While backup Shane Morris filled in admirably during Gardner’s absence late last season, offensive coordinator Doug Nussmeier needs an experienced quarterback to run his offense.
Gardner (208-of-345 for 2960 yards, 11 interceptions and 21 touchdowns) had solid numbers last year but four November losses ruined any chance to play for the Big Ten title.
After last season’s 7-6 finish, Michigan has very little room for error. This season, Michigan is on the road for all three of its rivalry games, in addition to a prime-time night contest at home versus Penn State.
Here is what Devin Gardner needs to do for Michigan to win the Big Ten.
All season statistics from mgoblue.com, official University of Michigan athletic department web site.
Phil Callihan is a featured writer for Bleacher Report. Unless otherwise noted, all quotations in this article were obtained via Press Conferences or in person.
Learn from Doug Nussmeier
The bad news is that Gardner is ranked 50th in the nation according to ESPN’s Total Quarterback Rating (QBR), which accounts for what a quarterback does on a play-by-play level. QBR factors in downs, distance, field position, as well as the clock and score for a far better measure of a quarterback’s effectiveness.
The good news is that he has a clean slate under Doug Nussmeier and an opportunity to redefine his legacy at Michigan. Nussmeier has a great pedigree as a coach, and his experience as a former quarterback is exactly what Gardner needs to elevate his game.
Gardner needs to master the new offense and earn the starting position based on proficiency, not seniority.

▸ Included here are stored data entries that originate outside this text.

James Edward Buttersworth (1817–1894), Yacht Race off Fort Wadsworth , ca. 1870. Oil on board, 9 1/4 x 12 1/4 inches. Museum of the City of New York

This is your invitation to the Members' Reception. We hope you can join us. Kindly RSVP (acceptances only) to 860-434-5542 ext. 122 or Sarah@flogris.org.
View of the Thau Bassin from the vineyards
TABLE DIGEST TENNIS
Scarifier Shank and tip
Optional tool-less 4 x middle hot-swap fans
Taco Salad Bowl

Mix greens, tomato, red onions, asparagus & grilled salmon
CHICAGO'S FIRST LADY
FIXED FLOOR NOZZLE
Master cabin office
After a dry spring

Last season Michigan roared out of the gate with a 59-9 win over Central Michigan. Fans reveled in the beat down, but the team would have been far better served by working on its run game and offensive line—there’s a reason that teams work on fundamental plays versus weaker non-conference opponents.

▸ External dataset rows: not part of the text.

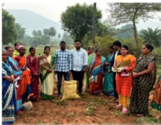
Field visit of OLM cluster of women FPO
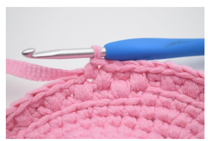
17. Work 1 sc into the next st.
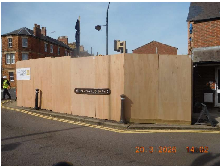
Perimeter Hoarding being replaced on St Bernards Road due to be painted.
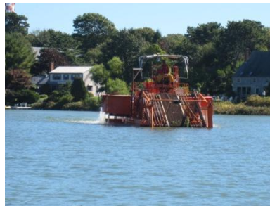
5. Application - LL South Cove

Gardner will need to run the offense no matter what the result; especially early in the season. He'll be tempted to take off and run instead of throwing the ball away or finding an open receiver. Last season that worked early, but it resulted in him taking a beating as the season progressed.
He will need to give his teammates the opportunity to grow into their new roles, even if it means that the team struggles early. Michigan needs an improved offensive line and multiple offensive threats to compete for the Big Ten championship, and Gardner needs to drive that development.
Spread the Ball Around
At the expense of spreading the ball around, Gardner had a tendency last season to lock onto a favorite receiver. With the injury to tight end Jake Butt and the graduation of both Jeremy Gallon and Drew Dileo, Gardner will have one experienced receiver—Devin Funchess—available when the season begins.

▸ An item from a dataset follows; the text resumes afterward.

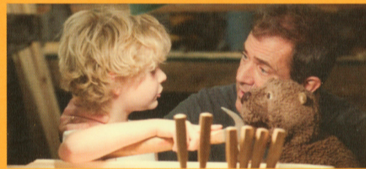
The Beaver
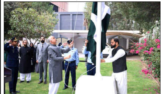
ABU DHABI: Ambassador Faisal Niaz Tirmizi hoisting flag during a ceremony to commemorate Pakistan's National Day at the Embassy.

Pakistan's sovereignty. "We have repeatedly conveyed to Afghan authorities that their land is being used for attacks against Pakistan. He reiterated the government's decision to repatriate illegal foreign nationals, stating that all undocumented individuals must leave Pakistan by March 31, while those with valid documents have until June. The Minister assured that law enforcement agencies are investigating security threats and will take stern measures to prevent unlawful activities.

Funchess is a great receiving threat, but Gardner needs to develop a variety of receiving targets for Michigan to be successful this season.
Eliminate Bad Interceptions
Gardner struggled with identifying defenders lurking in the flat last season. These short passes are particularly dangerous as interceptions in this area often are returned for touchdowns. Sometimes the best play may be a safe incompletion or even a tackle for a short loss.
Michigan should have a greatly improved defense this season, and Gardner will need to rely on it to make big stops to compete for the Big Ten Championship.
Stop the Moping
After losses last season, Gardner was despondent. It’s good to be upset about losing, but part of being a leader is to inspire your team to bounce back after disappointment.
The road to the Big Ten title game will be paved with tough games, and Gardner needs to show more fire and less moping when things don’t go his way.